=Paper=
{{Paper
|id=Vol-1609/16090939
|storemode=property
|title=Author Obfuscation using WordNet and Language Models
|pdfUrl=https://ceur-ws.org/Vol-1609/16090939.pdf
|volume=Vol-1609
|authors=Muharram Mansoorizadeh,Taher Rahgooy,Mohammad Aminian,Mehdy Eskandari
|dblpUrl=https://dblp.org/rec/conf/clef/MansoorizadehRA16
}}
==Author Obfuscation using WordNet and Language Models==
<pdf width="1500px">https://ceur-ws.org/Vol-1609/16090939.pdf</pdf>
<pre>
Author obfuscation using WordNet and language models
           Notebook for PAN at CLEF 2016

Muharram Mansoorizadeh, Taher Rahgooy, Mohammad Aminiyan, Mahdy Eskandari

        Department of Computer engineering, Bu-Ali Sina University, Hamedan, Iran
            mansoorm@basu.ac.ir, taher.rahgooy@gmail.com,
           m.aminiyan@gmail.com, me16eskandari@hotmail.com


       Abstract. As almost all the successful author identification approaches are based
       on the word frequencies, the most obvious way to obfuscate a text is to distort
       those frequencies. In this paper we chose a subset of the most frequent words for
       an author and replace each one with one of their synonyms. In order to select the
       best synonym, we considered two measures: similarity of the original word and
       the synonym, the difference between the scores (probabilities) that are assigned
       to the original and distorted sentences by a language model. By using similarity,
       we aim to select words that are similar to the original word semantically, and by
       using a language model we try to favor word usages that are common.

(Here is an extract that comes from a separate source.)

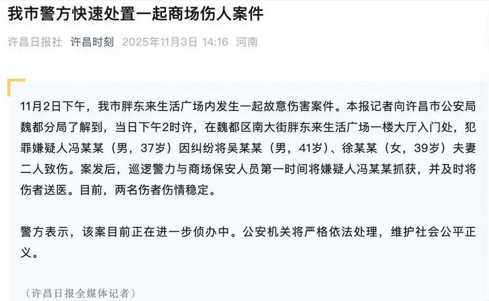 11月2日下午,河南许昌市胖东来生活广场内发生一起故意伤害案件。许昌日报记者向许昌市公安局魏都分局了解到,当日下午2时许,在魏都区南大街胖东来生活广场一楼大厅入门处,犯罪嫌疑人冯某某(男,37岁)因纠纷将吴某某(男,41岁)、徐某某(女,39岁)夫妻二人致伤。案发后,巡逻警力与商场保安人员第一时间将嫌疑人冯某某抓获,并及时将伤者送医。目前,两名伤者伤情稳定。

       Keywords: author obfuscation, Brown corpus, WordNet, language model


1      Introduction

The author masking task of PAN 2016 is to paraphrase a given document so that its
writing style does not match that of its original author, anymore. The problem consist
of a set of documents written by a specific author and another document of the same
author named “original”. The challenge is to use the information in the provided set of
documents in order to obfuscate the “original” document. In order to response the chal-
lenge we use a five-stage iterative method which is described below.


2      Proposed approach

In the following we describe the steps we took in order to generate an obfuscated text
from the original one.

2.1    Author word usage distribution
In the first stage, we used word frequencies of the training text for the author to estimate
the word usage probability distribution by that author. For this purpose a maximum
likelihood estimate of the word frequencies obtained using NLTK 3.0 toolkit [1]. We
use this distribution to emphasis on words that used frequently by the author. We used
top 200 most frequent words for this purpose.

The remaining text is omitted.